Try it: Look through the entries below for the line with "Cosmic ray sensors" and the line with "There are variations", then give again exactly those two lines and all lines between them, minus the pictures.

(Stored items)
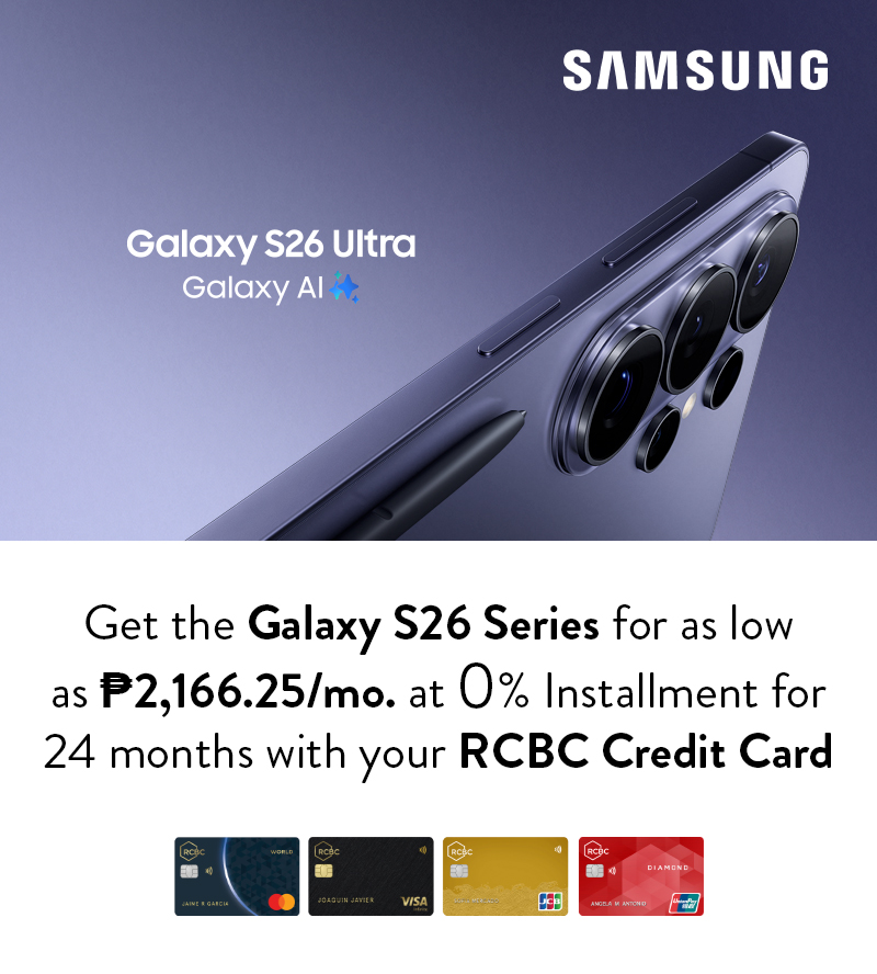 - The promo entitles Cardholders to exclusive discounts and free memory upgrade* on the Samsung Galaxy S26 Series and Galaxy Buds 4 when they use their RCBC Credit Cards to purchase at 0% installment for 24 months at participating Samsung Experience and Premium stores during the Special Pre-order period from March 5 to 8, 2026.
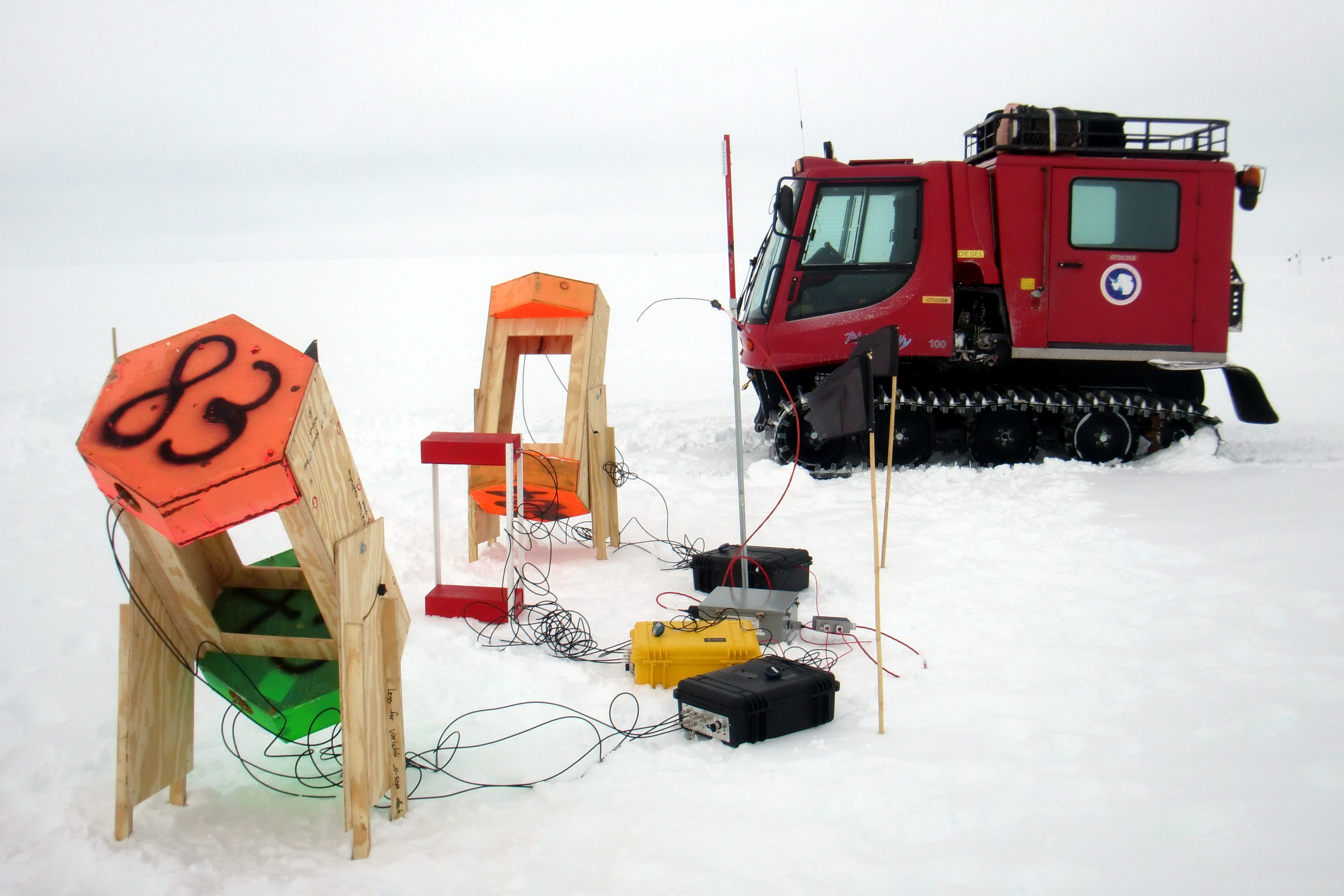 Cosmic ray sensors above an IceTop tank. Amundsen-Scott South Pole Station, Antarctica.
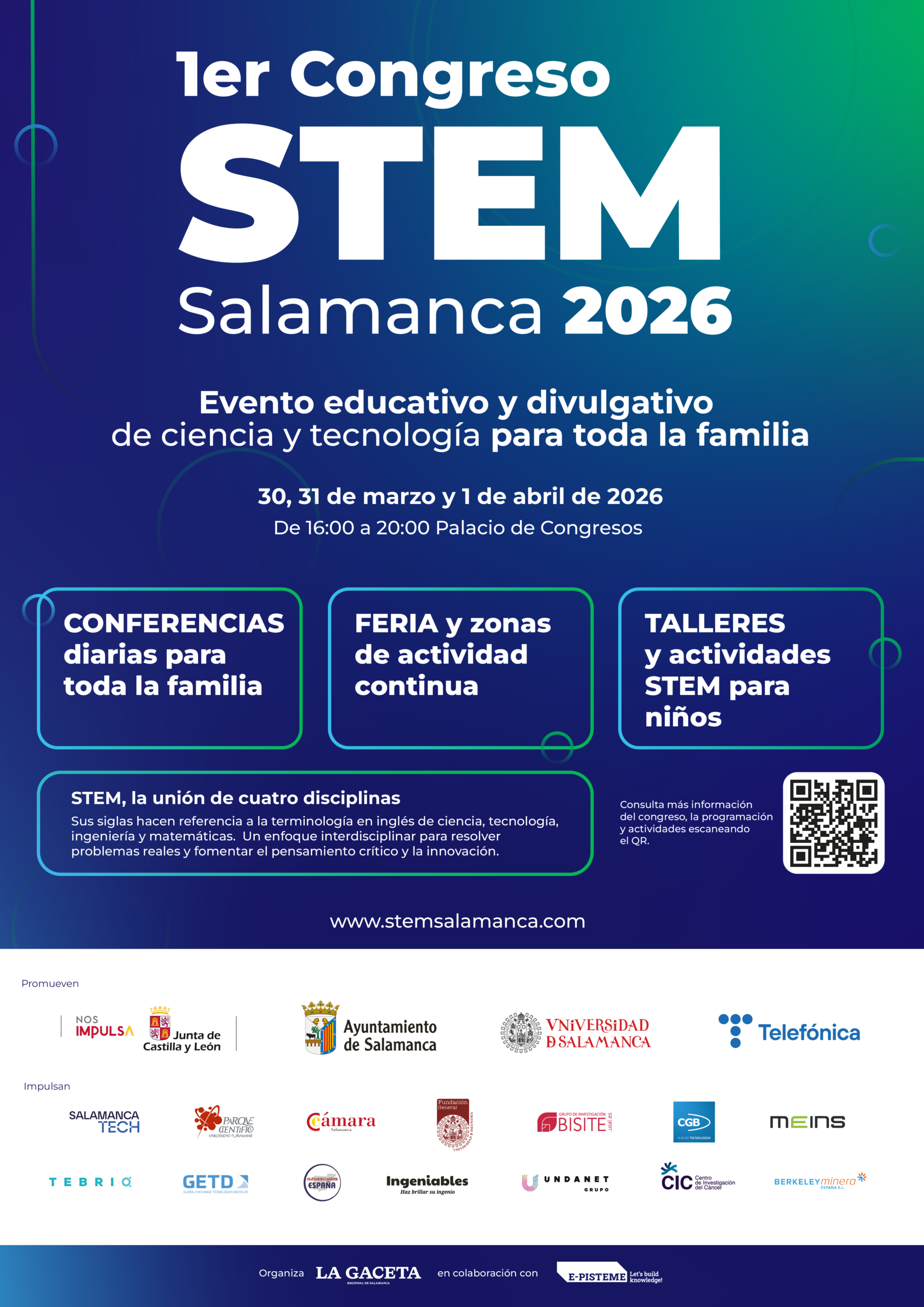El Congreso STEM Salamanca es un evento educativo centrado en la ciencia, la tecnología, la ingeniería y las matemáticas dirigido a niños, jóvenes y familias. Durante tres días, el Palacio […]
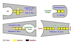There are variations in the court cairn layout in both Ireland and Scotland. Most examples have a single courtyard connected by one burial tomb or a courtyard connected to two burial tombs, located on opposite ends of the court area. In Ireland, there are also instances of layouts with dual tombs, each with its own courtyard, but both sharing a common burial mound. The court cairn is also found in Western Scotland. The similar layout of tombs found in Ireland and Scotland and the close geographical location of these tombs, separated by the narrow Irish Channel, indicates that these populations moved back and forth on a regular basis between the two countries.[3][4]
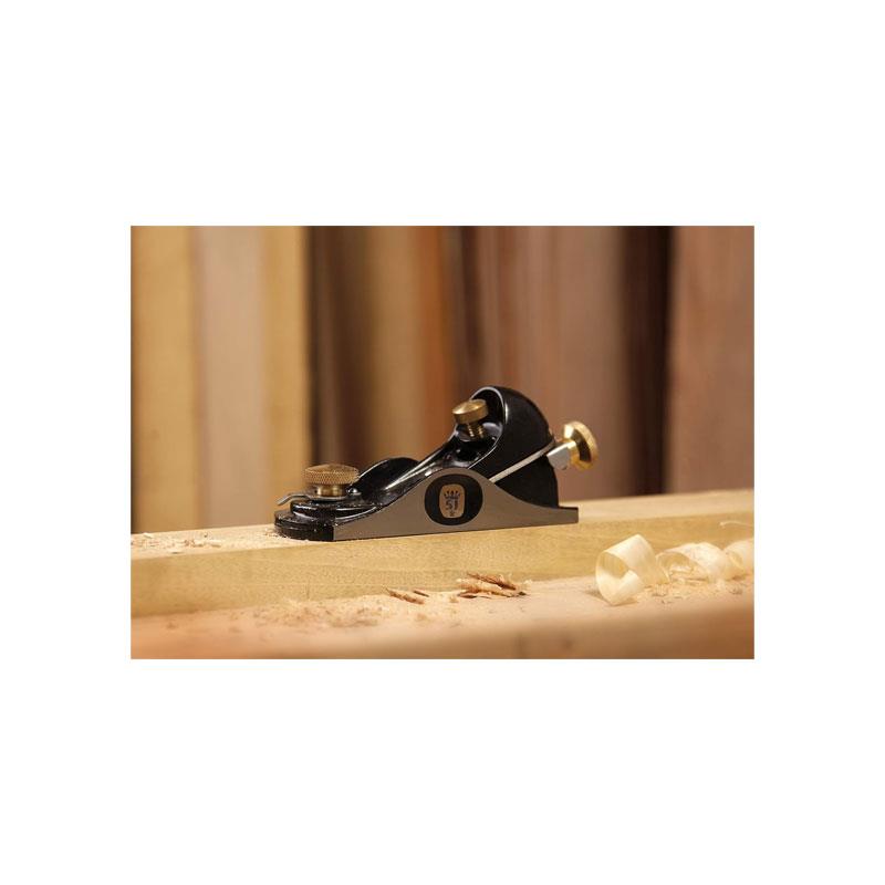 The fully adjustable mouth opening allows fine control over shaving thickness, while the brass adjusting screw enables easy and precise blade adjustment. Compact and lightweight at just 0.7kg, this 6½” block plane is ideal for on-site work, workshops and general woodworking applications.
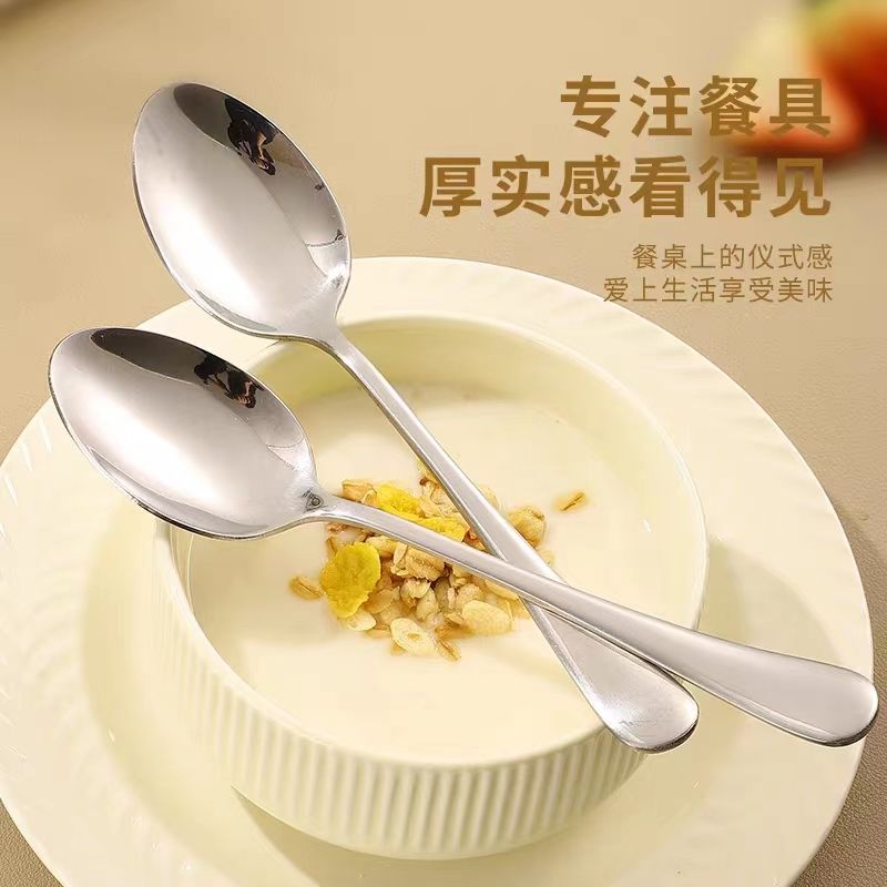 304不锈钢勺子喝汤学生汤匙高档家用吃饭勺汤勺长柄尖头食品级
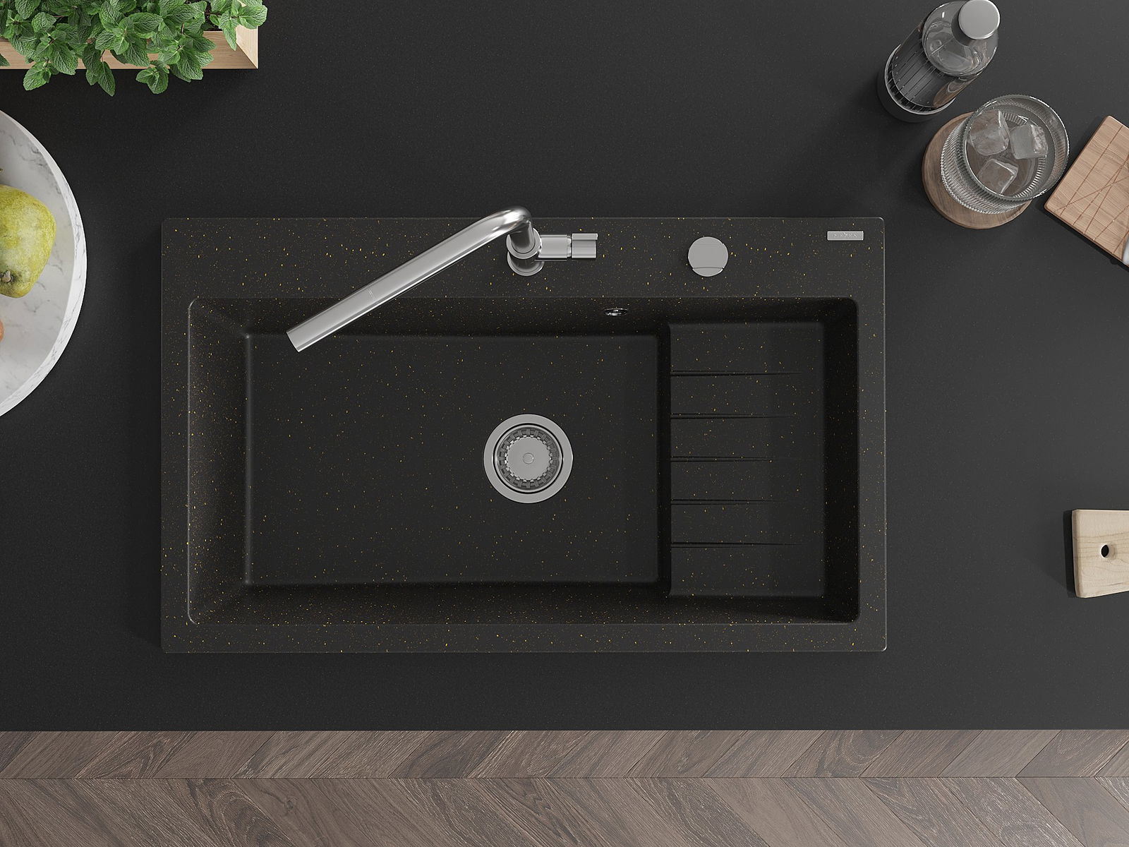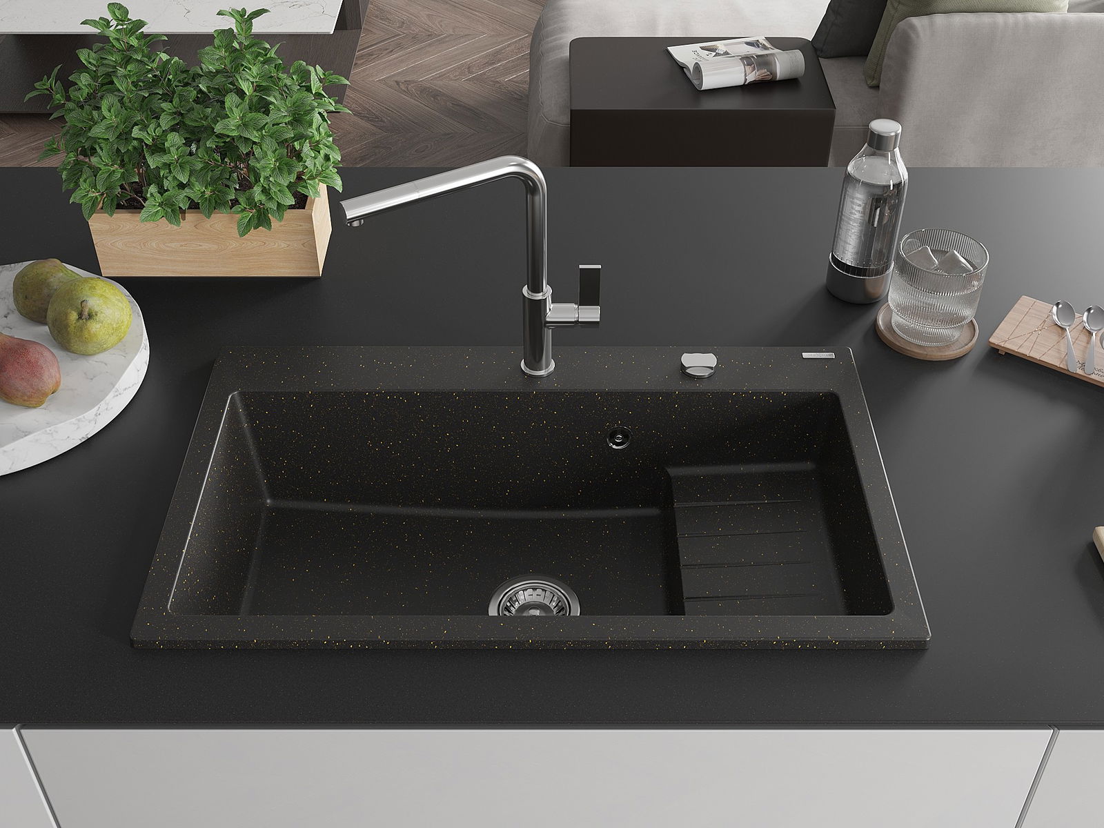 Das Spülbecken wurde aus hochwertigem Granit gefertigt. Es ist eine elegante und vor allem praktische Ergänzung für jede Küche, unabhängig von ihrem Stil. Die hohe Qualität und Haltbarkeit von Granit bieten eine jahrelange Nutzung.

Written solution:
 Cosmic ray sensors above an IceTop tank. Amundsen-Scott South Pole Station, Antarctica.
El Congreso STEM Salamanca es un evento educativo centrado en la ciencia, la tecnología, la ingeniería y las matemáticas dirigido a niños, jóvenes y familias. Durante tres días, el Palacio […]
There are variations in the court cairn layout in both Ireland and Scotland. Most examples have a single courtyard connected by one burial tomb or a courtyard connected to two burial tombs, located on opposite ends of the court area. In Ireland, there are also instances of layouts with dual tombs, each with its own courtyard, but both sharing a common burial mound. The court cairn is also found in Western Scotland. The similar layout of tombs found in Ireland and Scotland and the close geographical location of these tombs, separated by the narrow Irish Channel, indicates that these populations moved back and forth on a regular basis between the two countries.[3][4]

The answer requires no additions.